A
veces los campos de flores no suelen ser tan hermosos, pacíficos y relajantes
como los imaginamos, como se ven en las imágenes, en las películas y en los
carteles de publicidad, de hecho, la mayoría de las cosas suelen ser solo un
espejismo, banalidades e historias reflejadas desde un punto menos vergonzoso.
Aquel
que observa a un costado desde la cúspide de una roca no es quien para dar
dulzor a lo que su interior aguarda, la visibilidad esta en caminar entre
ellas, rosar las hojas, cautivarse y ver a fondo cada partícula que recubre los
pétalos, sentir la briza entre los dedos y sufrir cada espina que atraviese tu
cuerpo.
Pero
el problema está en que, si el visaje desde aquella roca parece frágil,
maravilloso y con esa magia de cuento de hadas ¿para que adentrase en lo
imposible?, ¿para qué sentir esa profundidad? si a los ojos solo le basta la
distancia.
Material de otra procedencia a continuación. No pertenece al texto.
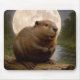 A beaver sits on a log by the river, illuminated by a full moon glowing brightly behind it, with lush foliage surrounding the scene

Aquel que se adentra vanamente termina como un simple espectador
cuando un insecto es devorado por las hormigas, cuando aquella briza fuerte
desprende los hermosos capullos de gusano que no lo lograr su metamorfosis, ahí gentil mirando
sin saber qué hacer, juzgando y tirando piedras a quien cree es el culpable,
pero más allá de los simples juicios solo es una estatua, una simple oveja del
mundo que sigue con fanatismo aquello que parece tabú y escandaloso y que con
cada cosa que observa va dando un paso hacia atrás para terminar nuevamente en
aquella cima de la roca, olvidando rápidamente lo que sus ojos pudieron ver.